Change of insight

Frank · Apr 8, 2007

Isn't it interesting, that after the FX/R300 debacle, both companies have more or less embraced the technical modus operandi of the other?

R300 showed us that a single quad pipeline (that held more or less texture units and shaders) was inefficient, by introducing multiple, independent ALUs. nVidia has embraced that idea wholeheratedly, and even gone as far as breaking the vector units and quads down into individual, scalar ALUs. While ATi/AMD seems to have gone in the opposite direction: multiple, strict quad and vector pipelines, (albeit unified).

PeterAce · Apr 8, 2007

In the same vein....

It's the number of schedulers/sequencers/arbiters (and their relative cost in die size) that will be interesting to compare on G80 vs R600.

stepz · Apr 9, 2007

The AMD/ATI and NVidia approaches are not all that different. NVidia is not using individual scalar ALU's, despite what their marketing department is trying to spin. Both companies are using the same basic SIMD vector units (although of different width and count). Main difference being how are shader threads combined into the vectors and scheduling capability.

silent_guy · Apr 9, 2007

stepz said:
The AMD/ATI and NVidia approaches are not all that different. NVidia is not using individual scalar ALU's, despite what their marketing department is trying to spin. Both companies are using the same basic SIMD vector units (although of different width and count). Main difference being how are shader threads combined into the vectors and scheduling capability.

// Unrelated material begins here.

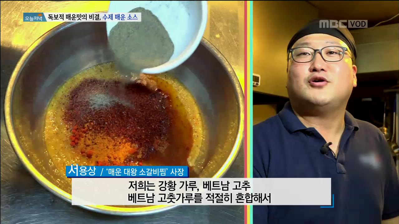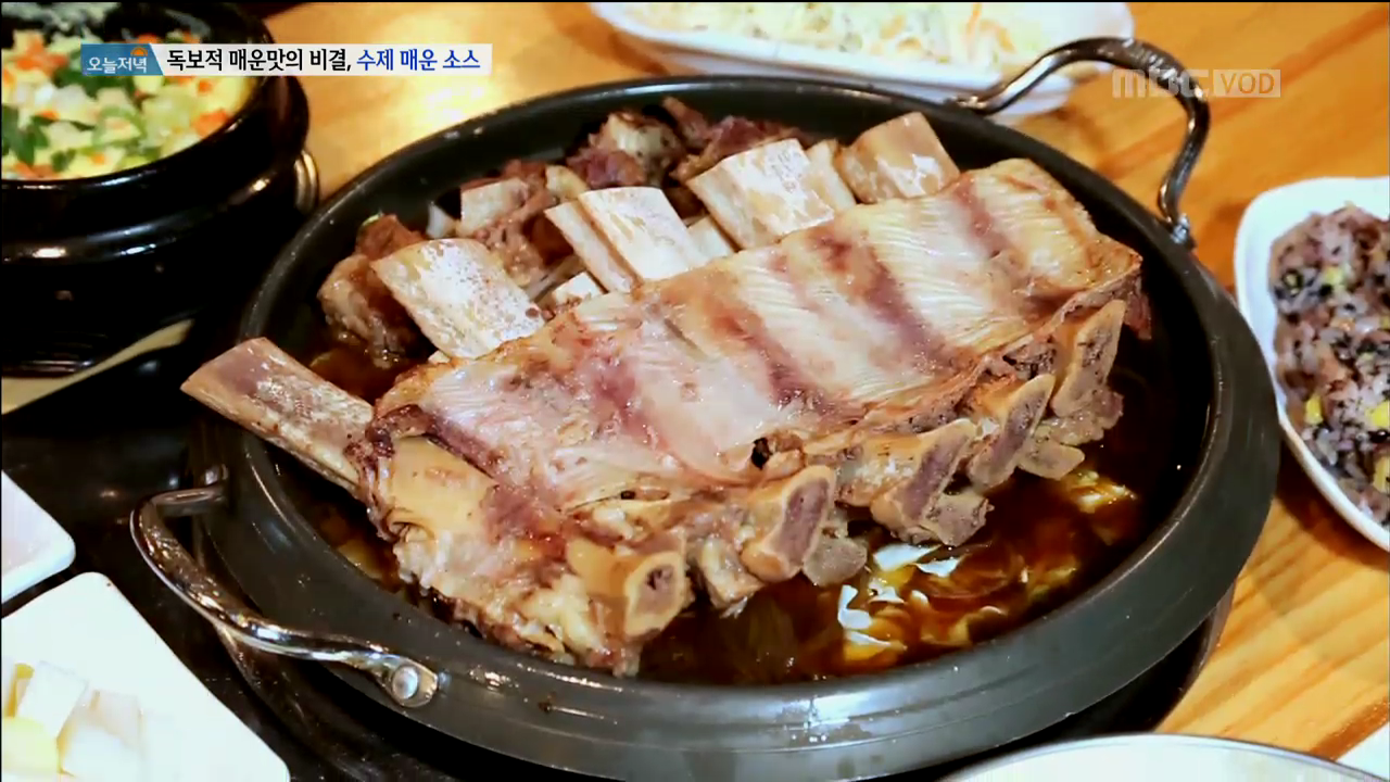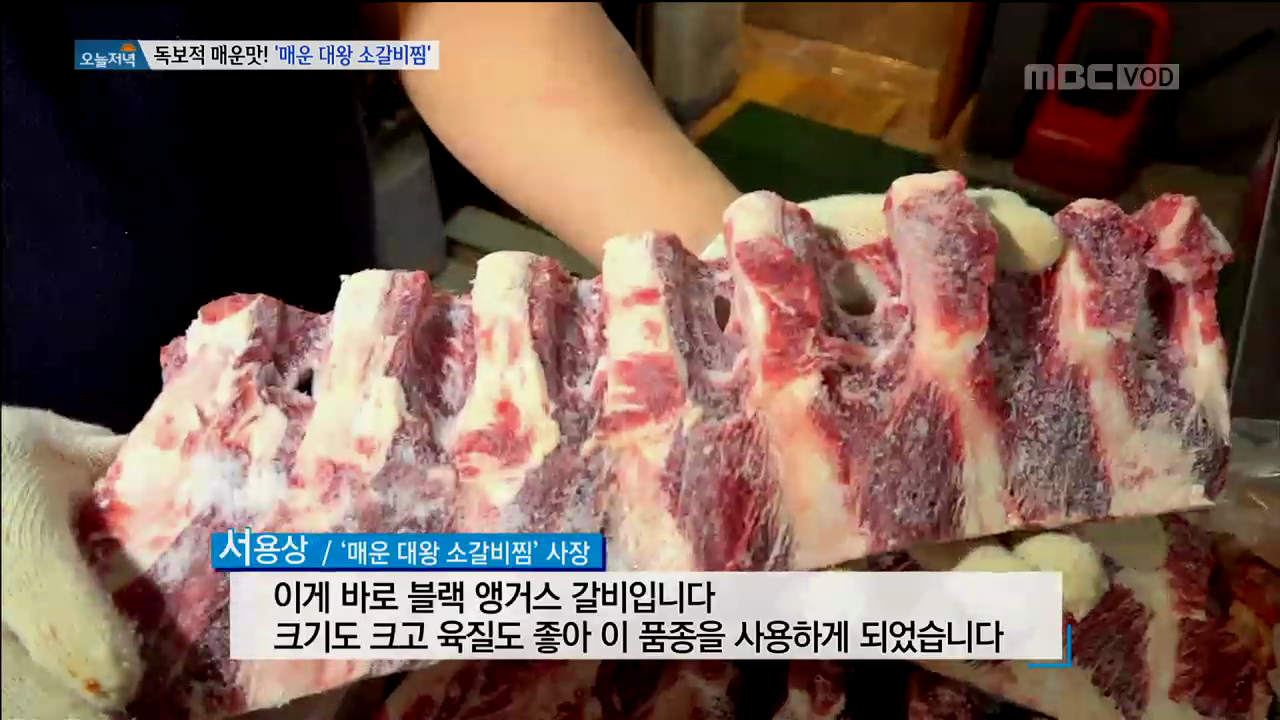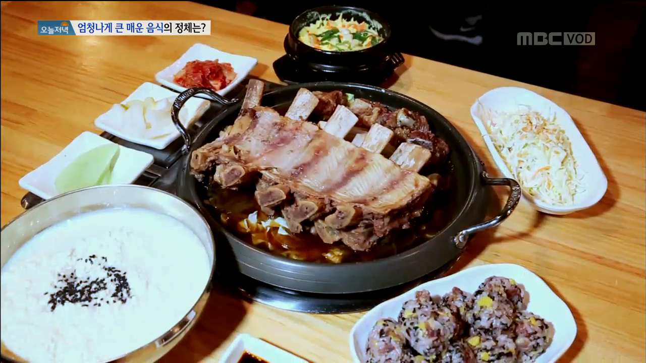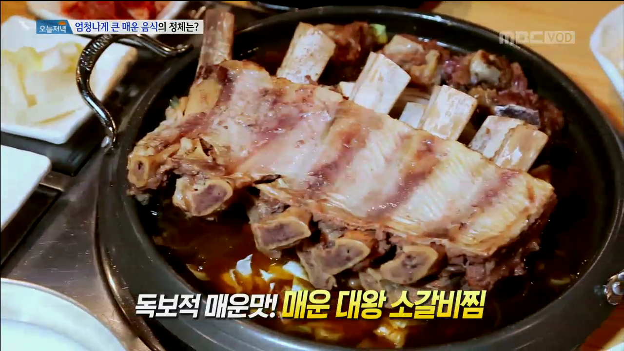 성인 얼굴만 한 길이의 기다란 갈비뼈를 뜯는 즐거움이 있는 독보적 매운맛 ‘매운 대왕 소갈비찜’.

If one implementation has a vector ALU and 1 program counter/thread for 4 ALU's, while the other does vector arithmetic by doing 3 or 4 MAD's sequentially and has 1 program counter for 1 ALU, I see no reason why the latter can't reasonably be called scalar. Marketing or no marketing...

trinibwoy · Apr 9, 2007

stepz said:
Main difference being how are shader threads combined into the vectors and scheduling capability.

So given those advantages you find it dishonest to market it as such? It seems to me that your argument revolves around physical characteristics which aren't particularly relevant.

Frank · Apr 9, 2007

PeterAce said:
In the same vein....

It's the number of schedulers/sequencers/arbiters (and their relative cost in die size) that will be interesting to compare on G80 vs R600.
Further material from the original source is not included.